Aqui está a lista completa de comandos que eu executo depois de uma reinicialização limpa e tun0.c
launch:
ifconfig tun0 inet 10.0.0.1/30 up
sysctl -w net.ipv4.ip_forward=1
ip route add default dev tun0 table John
ip rule add from all lookup John
ip rule add from 10.0.0.2 lookup main priority 500
iptables -t nat -A POSTROUTING -o wlp2s0 -s 10.0.0.2 -j MASQUERADE
Por favor, note que você não precisa desligar o caminho reverso de filtragem nesse caso, porque tudo é legal - tun0_changeip.c
apenas recebe e envia pacotes que pertencem à sua sub-rede. Além disso, você pode fazer um roteamento baseado em origem em vez de baseado em interface.
ABORDAGEM # 2
É possível fazer tun0
antes que o pacote atinja a interface SNAT
. Não é muito correto embora. Você definitivamente precisará desativar o caminho reverso de filtragem neste caso:
sysctl -w net.ipv4.conf.tun0.rp_filter=0
# It won't work without also changing the "all" value
sysctl -w net.ipv4.conf.all.rp_filter=0
Agora, faça tun0
:
iptables -t nat -A POSTROUTANDO -o tun0 -s 10.0.0.1 -j SNAT --to-source ip.address.of.your.wlan.interface
Aqui, alteramos o endereço de origem apenas antes que os pacotes atinjam o dispositivo SNAT
. O código tun0
reenvia esses pacotes "como estão" (com endereço de origem alterado) e eles são roteados com sucesso pela interface wlan.
Mas você pode ter um IP dinâmico na interface wlan e deseja usar tun0.c
(para não especificar explicitamente o endereço da interface). Veja como você pode usar MASQUERADE
:
iptables -t nat -A POSTROUTING -o tun0 -s 10.0.0.1 -j SNAT --to-source 10.0.55.1
iptables -t nat -A POSTROUTING -o wlp2s0 -s 10.0.55.1 -j MASQUERADE
Observe o endereço IP " MASQUERADE
" - é diferente. Você pode usar qualquer IP aqui, não importa. Os pacotes alcançam 10.0.55.1
chain na interface nat/POSTROUTING
se alterarmos o IP de origem antes.
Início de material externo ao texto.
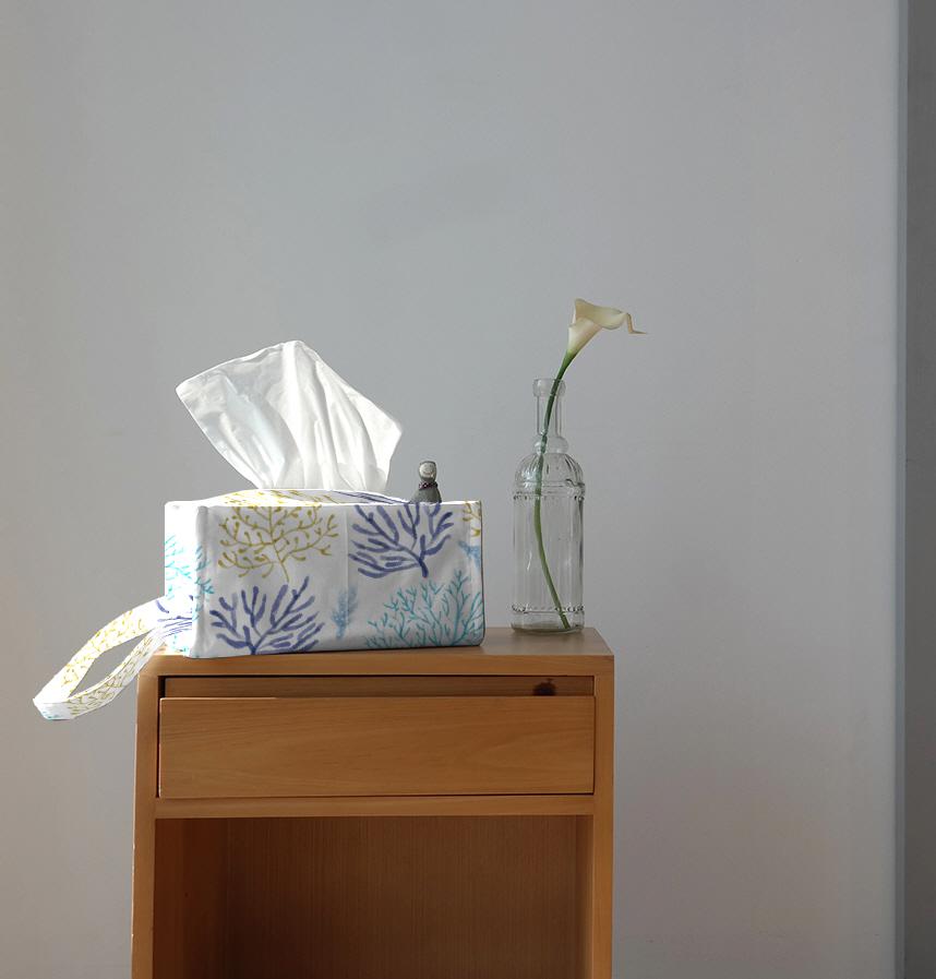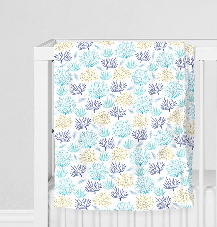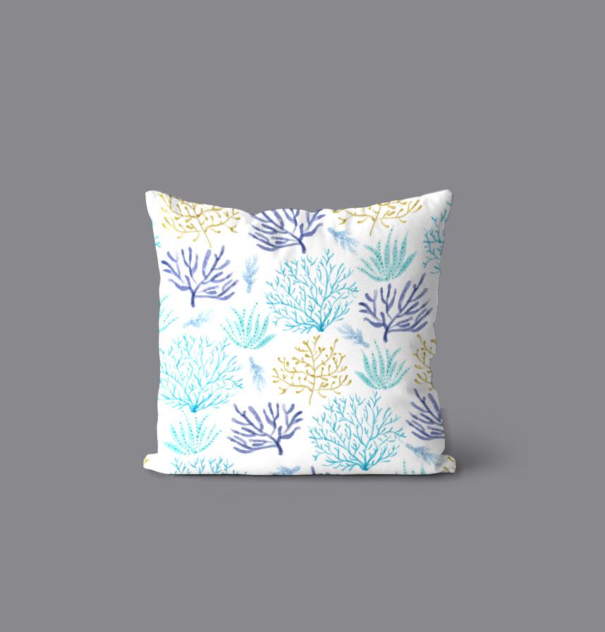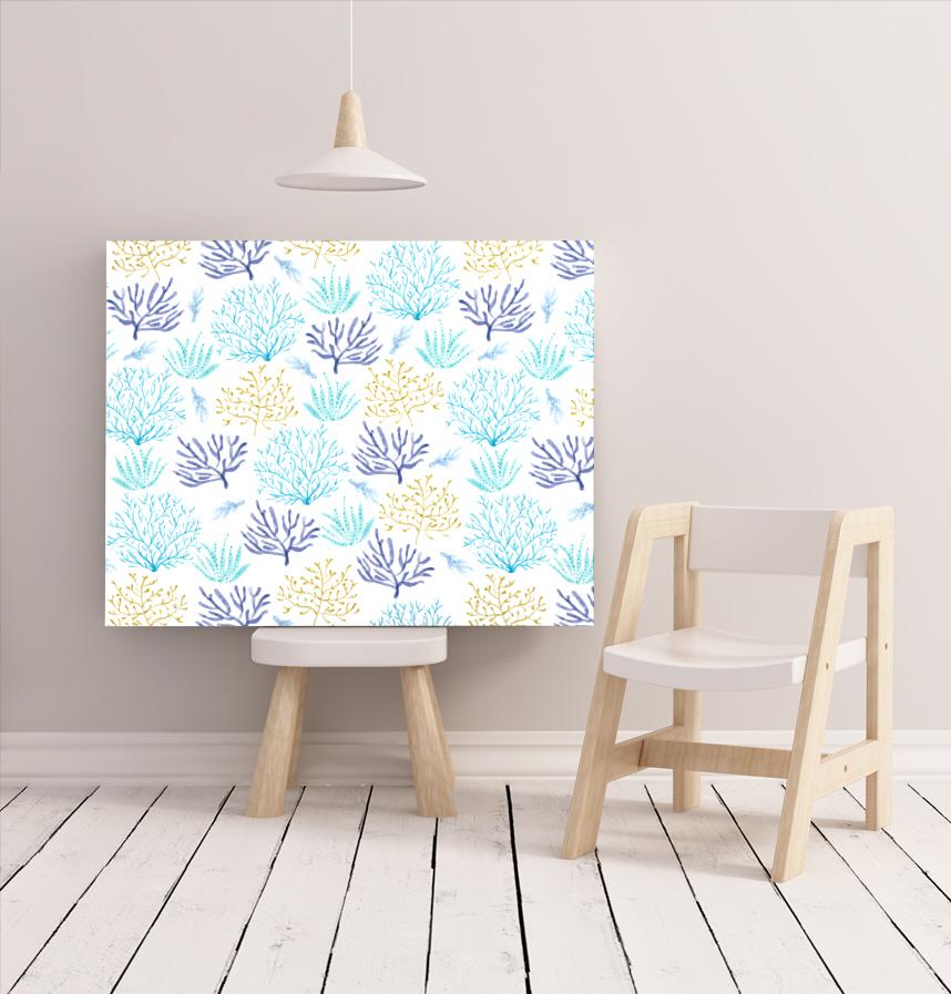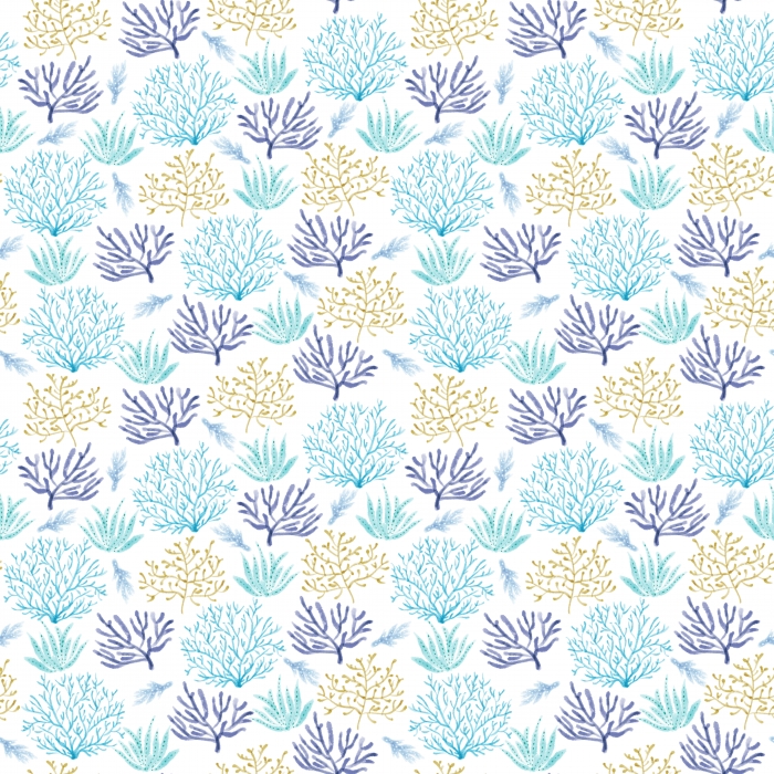 手描きで描いた珊瑚を散りばめた、海を感じるパターン。
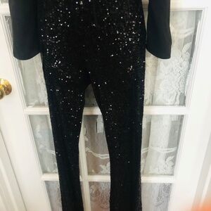 Forever 21 size exsmall black sequinned pants, wide bell bottoms, elastic waist
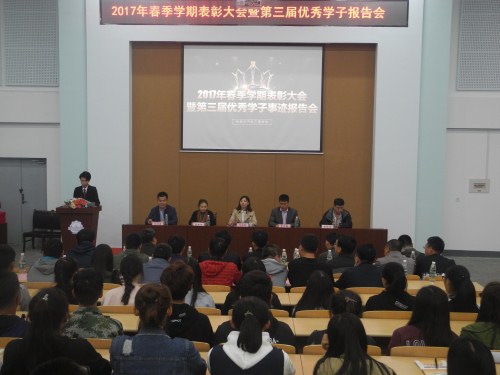 为表彰先进,激励后来,我校机电与汽车工程学院于9月28日晚在第二教学楼学生文化活动中心组织召开2017年春季学期表彰大会暨第三届优秀学子事迹报告会。副校长邓维娜、校长助理兼机电学院院长李长威、学生工作处处长康春丽、机电学院副院长吴柏宇、付洪涛出席,学院各系教师代表、全体辅导员参加,2015级、2016级、2017级各小班学生代表聆听报告会。
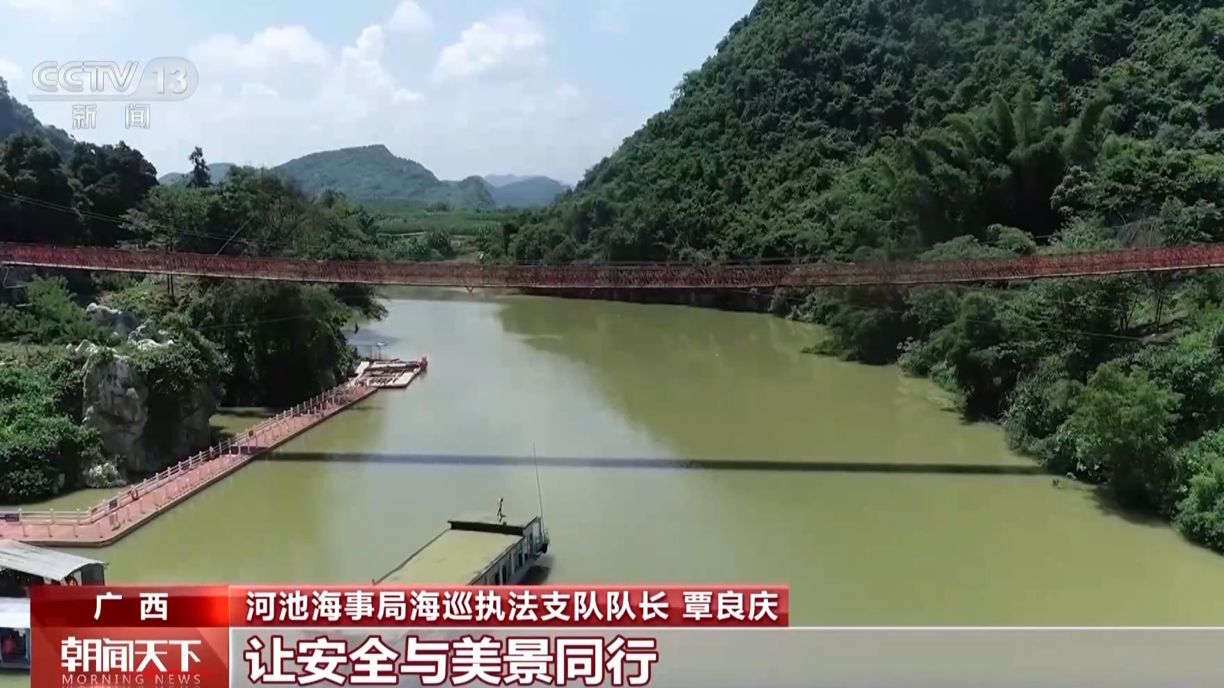 河池海事局海巡执法支队队长 覃良庆:我们瞄准乡村振兴、文旅融合新业态,打造了这条新的路线。组织乘客参加乘船安全小课堂,让安全与美景同行。

E agora não depende de um IP estático para a interface wlan.
ABORDAGEM # 3
Você também pode usar wlp2s0
. Dessa forma, você não precisa de fwmark
, mas capturará somente os pacotes de saída:
Primeiro, precisamos desabilitar a filtragem de caminho reverso para SNAT
, porque ele encaminhará os pacotes que pertencem a outra rede:
sysctl -w net.ipv4.conf.tun0.rp_filter=0
# It won't work without also changing the "all" value
sysctl -w net.ipv4.conf.all.rp_filter=0
Now let's alter the routing rules a bit:
# Delete old rules
ip rule del iif tun0 lookup main
ip rule del from all lookup John
# Packets will start going from wlan interface so they will have source address of it
iptables -t mangle -A OUTPUT -o wlp2s0 -j MARK --set-mark 1
ip rule add fwmark 0x1 lookup John
Esse é outro "hack" para roteamento e netfilter que funciona na minha caixa Debian 8, mas ainda assim eu recomendo usar a primeira abordagem, pois é mais natural e não t use qualquer hacks.
Você também pode considerar criar seu aplicativo como um proxy transparente . Eu acho que seria muito mais fácil, em vez de analisar os pacotes do dispositivo tun.